Поездка по этой бескрайней степи строго на восток лишила нас последних призрачных надежд. Находились оптимисты, считавшие, что отвратительное обращение еще ни о чем не говорит. Просто в этой стране существует неписаный закон, что транспортники присваивают себе большую часть выделенных для перевозки заключенных средств. Если же все действовали бы с надлежащей ответственностью, все было бы совсем не плохо. И я протестовал против идеи о том, что дурное обращение – один из способов физического уничтожения заключенных. Но то, что нас ни с того ни с сего перебросят из кошмара последних месяцев в некий «райский» лагерь, тоже воспринималось как глупая шутка.

Когда мы на пятый день остановились где-то в степи, вздохнули с облегчением – неизвестность, этот злейший враг человека, к ччастью, закончилась. Когда мы отошли достаточно далеко от железнодорожной линии, последовала команда «Стой!». Сначала нам позволили лечь на жесткую, сухую степную траву и загорать на все еще жарком октябрьском солнце. Самые сильные из нас вернулись к составу забрать больных. У кого еще оставался хлеб, сидели и жевали. Те, кто нашел в карманах обрывки бумаги, скручивали цигарки. Не из махорки, а из сухой степной травы. Куда ни глянь, ни следа ограды с колючей проволокой. И мы даже могли бы почувствовать себя свободными людьми, если бы не конвоиры, оцепившие нашу группу.

Свободные люди! Вдали виднелось какое-то поселение. Там ходили люди, каждый шел, куда хотел. Возможно, и они недоедали, и у каждого, несомненно, были свои ежедневные заботы. Но они были свободны. Понимали ли они в полной мере свое счастье? Вряд ли. Для этих людей само собой разумелось, что они могут пойти, куда хотят, и будут делать, что захотят.

Мыслями я унесся далеко на Запад, где еще вряд ли известно, что означает несвобода. Вспоминал друзей и знакомых, которые сейчас наверняка озабочены отсутствием маленьких земных радостей и бытовых удобств и не понимают, что все это не имеет значения в сравнении с грозящей миру несвободой. Они всецело поглощены мелочами и не знают, что небо просто так одарило их сокровищем из сокровищ, которое несравнимо дороже всего, что человек вообще может приобрести. И если судьбе будет угодно вновь – я почти не решался надеяться на такое счастье – одарить меня свободой, я всю оставшуюся жизнь буду призывать мир как зеницу ока хранить это право.

Из размышлений меня вырвала автоколонна грузовиков, приблизившаяся к нам. Нам было приказано разбиться на группы по 40 человек. Каждая группа разместилась в кузове грузовика, и длинная колонна тронулась с места. Прямо по степной траве. Потом мы добрались до дороги, по которой машины, увязая в песке и поднимая пыль, продолжили путь. Полчаса спустя колонна остановилась у лагеря, расположенного в огромном зеленом оазисе.

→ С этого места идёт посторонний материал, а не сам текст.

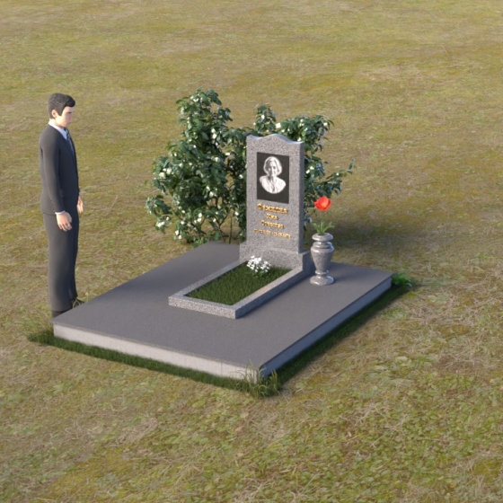 Величественная стела памятника ПВ 008 представляет собой элегантное сочетание строгих линий и плавных изгибов. Верхняя часть стелы имеет волнообразную форму, смягчающую строгость камня и придающую ей утонченность. Грани стелы тщательно отполированы до зеркального блеска, отражая свет и создавая ощущение легкости и воздушности. На лицевой стороне стелы размещен портрет усопшего, выполненный методом гравировки. Ниже располагаются надпись с именем и датами жизни. Под стелой расположена горизонтальная плита, также выполненная из полированного гранита. Ее строгие прямоугольные формы контрастируют с плавными линиями стелы, подчеркивая ее выразительность. Фаски по периметру плиты смягчают углы и придают ей завершенный вид. Рядом со стелой установлена небольшая ваза из темного гранита с изящным орнаментом, предназначенная для живых цветов.

Мы молча смотрели на то, что открылось нашим взорам. Понятие «лагерь» до сих пор включало для нас такие составляющие, как песок и унылый пейзаж, землянка и колючая проволока. Здесь же лишь колючая проволока свидетельствовала о том, что это лагерь. Гигантский, покрытый травой квадрат был весь засажен деревьями и кустами. Аккуратные одноэтажные каменные домики разбросаны среди зелени. Ровная дорога вела к расположенному в отдалении узбекскому селению, утопавшему в зелени персиковых деревьев. По этой дороге двигалась группа людей к лагерю. Судя по одежде и внешнему виду, это могли быть только военнопленные. Они спокойно шли, причем даже без конвоя.

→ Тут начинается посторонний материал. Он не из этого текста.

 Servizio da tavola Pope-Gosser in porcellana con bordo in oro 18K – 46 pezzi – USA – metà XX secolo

Мы безмолвно переглянулись. Мы все еще так и продолжали сидеть в кузовах, дожидаясь приказа. А приказа не было. После довольно долгих переговоров начальника нашей колонны с дежурным офицером у пропускного пункта, транспорт снова тронулся с места и поехал к узбекскому селению.

На окраине селения возвышалось большое каменное здание, окруженное колючей проволокой. За этим зданием высилась дымовая труба.

Нам было приказано сойти и собраться за колючей проволокой. У здания мы увидели нескольких человек, в которых сразу узнали немецких военнопленных. Вид у них был здоровый, и внешне они сильно отличались в своей поношенной, но чистой военной форме от нас, прибывших сюда в наших пестрых лохмотьях. Но больше всего нас поразило то, что все эти люди были с нормальными, аккуратными прическами. С тех пор как нас в тюрьме обрили наголо, длинные волосы, то есть обычная прическа, стали для нас символом свободы человека, которой нас лишили.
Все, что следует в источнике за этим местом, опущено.